Visitors should dress respectfully. Shoulders and knees should be covered for both men and women. Hats must be removed unless worn for religious or medical purposes. 

Are children allowed in La Sagrada Família? 

Children are absolutely allowed in Sagrada Família and children under 11 years can visit for free! Just note that raised voices are not permitted inside the basilica and children should be kept under close supervision. 

What is the cost of building La Sagrada Família? 

Whilst it is impossible to estimate the total costs of construction of La Sagrada Família, the current estimate for building costs is roughly an eye-watering 25 million euros per year.

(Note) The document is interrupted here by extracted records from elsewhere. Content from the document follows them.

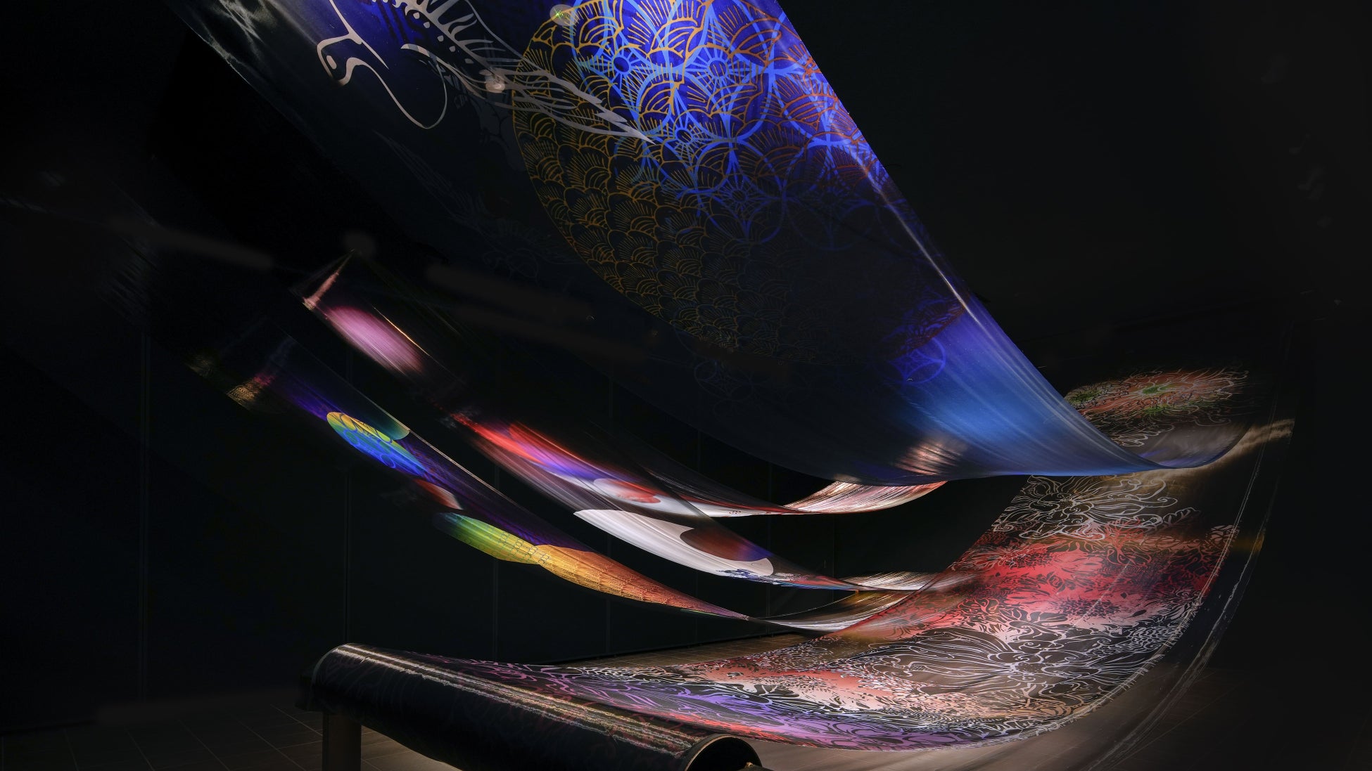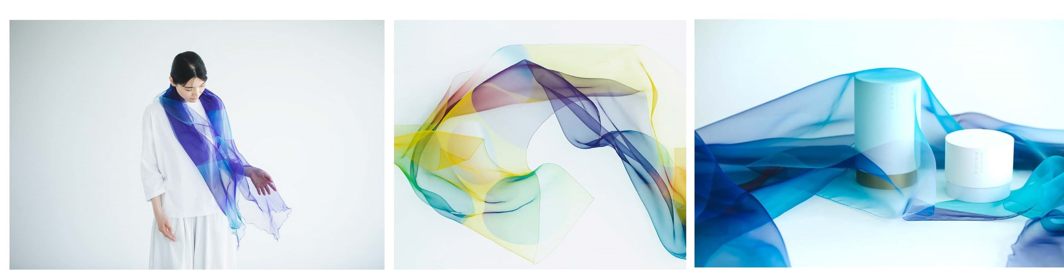 今回の展覧会は、「九谷に包まれる」展と題し、人よりもはるかに大きいテキスタイルを使用して“九谷焼柄の布の空間”を演出します。使用するテキスタイルは、世界のラグジュアリーブランドからも高く評価されている、当社の超極薄素材「天女の羽衣」です。丸や直線などグラフィカルなモチーフから九谷焼の絵模様や九谷五彩を表現します。極薄素材ゆえの繊細な動きと重なりが生み出す多様な色彩とフォルムをお楽しみください。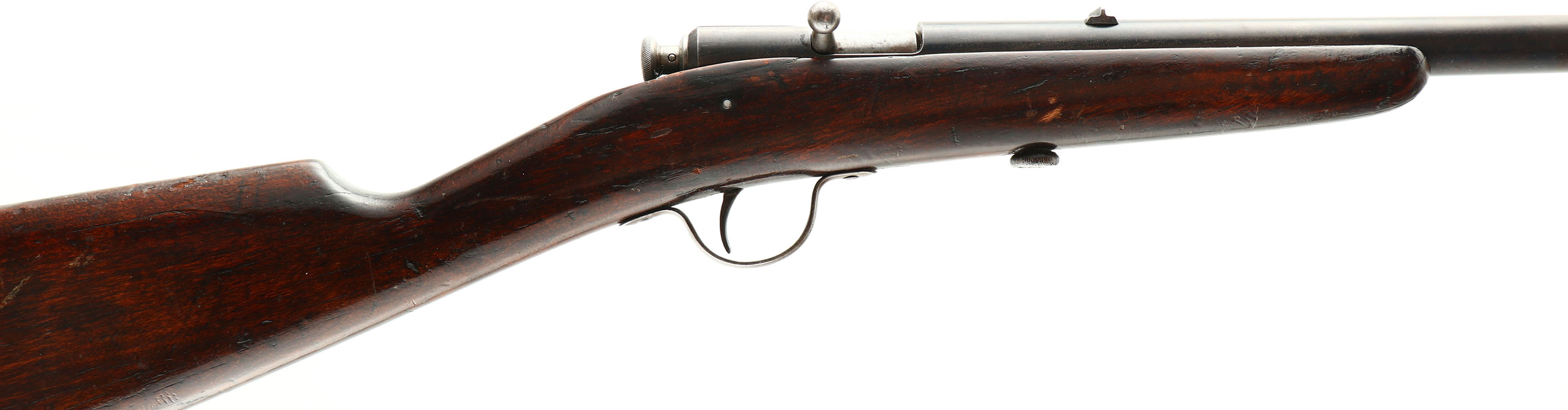 Winchester, Model 1900, CAL: .22 SHORT& LONG, MFG: 1900, SN: NONE, Bolt Action Rifle, 18'' Round tapered barrel. This is the early variation without the model # stamped on barrel. The original wood stock is good, with numerous small contusions, gouges & scrapes. The original finish has darkened with age & use, & it carries an additional layer of finish. There are a couple of hariline cracks coming off the buttend. The original metal blue finish has worn thin, with about 40% remaininig. The bore is good, with spots of cleaned pitting & corrosion amongst thinning rifling. Barrel carries a small fixed rear & small blade front sights. Buttstock carries no buttplate, which is correct for this model. Collectible early production variation. FFL or C&R Req. - Value: 200 to 400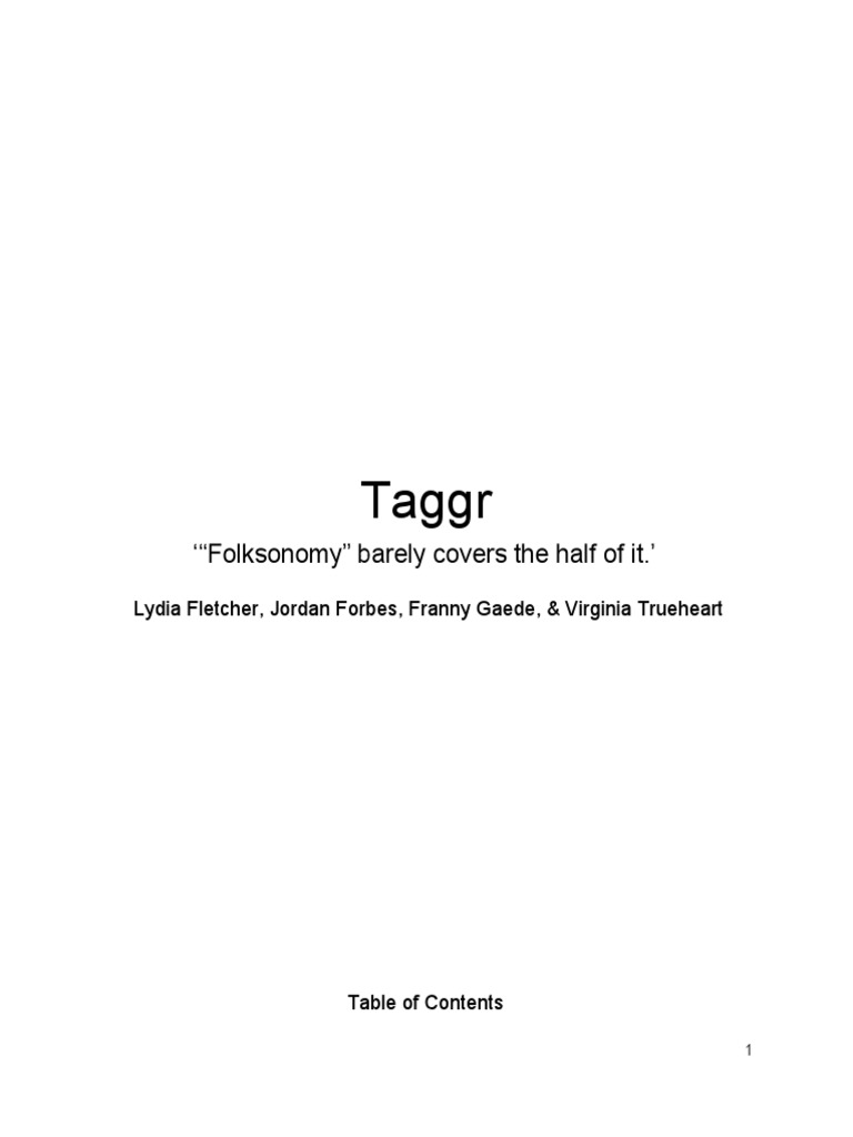 permitsallowsusersonthemainwebsitetosearch,sort,andfilterpostsinfluidand constantlyevolvingways. Unfortunately,thecurrentofferingofTumblrmobileapps,andparticularlytheunofficial appsforuseontabletcomputers,whiletheydoallowfortaggingandtagsearchingcapabilities, donotapproachthefulltagfunctionalityofthemainTumblrwebsite.Ourproposedapplication, tobecalledTaggr,willfillthisgapinthemarketbyfocusingspecificallyontagsortingand filtering.ThefeaturethatthecurrentlyavailableTumblrtabletappslackisthecapabilityfor discovery.Allofthetabletappsavailableareprimarilyconcernedwithrecreatingtheregular TumblrdashboardfortheuseronatabletourTaggrapp,ontheotherhand,willtargetusers whopreferusingthemainTumblrwebsitetosearchfortagsoutsideoftheirpresetdashboard preferences.Thiswillallowforgreaterdiscoveryofcontentnewtotheuser.TheTaggrappwill alsoallowforincreaseddiscoverybyofferingtheuseratagcloudofpopularandtrendingsearch terms,willprovideautocompletionofsuggestedtermsinthetagsearchbox,andwillsaveand autocompletetagspreviouslysearchedbyeachuser.Finally,Taggrscloudofsuggested searchtermswillchangeinrealtimeastheusercompletesmoresearches,alteringto incorporatetermsthattheuserhastypedaswellasrelatedsubjectterms. StatementofSignificance TheTaggrappisaproductthatwillgreatlyenhancetheuseofmetadatathroughout Tumblr.Tumblrtagsarefrequentlycolloquialandfocusonexpandingthecontentofapostrather thandevelopingastructuredmetadataschema.ThroughTaggr,userswillbeabletoharness thiscolloquialtaggingstructureinawaythatwillallowthemtobuildtheirownpersonalmetadata structuresandenhancetheiruseofTumblr.BecausetheTumblrtaggingsystemissovast, TaggrwillprovideacontrolledportalthatwillenableuserstonavigatetheTumblrtaggingsystem andclearandmeaningfulway. TaggrwillalsoallowuserstoaccessTumblrviatheirtablets.Currently,themost frequentaccesspointforTumblroutsideofapersonalcomputerisamobile.Byexpandingthe marketofTumblrrelatedappsontablets,Taggrwillencouragethetaggingsystemalreadyin usebyTumblrwhileencouraginguserstobecomecuratorsofblogcontent.Furthermore,Taggr isgoingtotakethetouchscreenbenefitsoftabletinteractionandintegratetheminsuchaway astocreateafunandengagingwaytocurate,store,andshareTumblrcontent.

The building operation has never received public or even church funding. Instead it relies entirely on private donations and revenue from ticket sales.

What is the height of La Sagrada Família? 

La Sagrada Família stands at 172m tall, just 1m less than Montjuïc as Gaudí’ believed nothing man made should be taller than God’s creation. 

What does La Sagrada Família mean in English? 

La Sagrada Família translates as ‘The Sacred Family’. It can be described as the ‘Expiatory Temple of the Sacred Family’.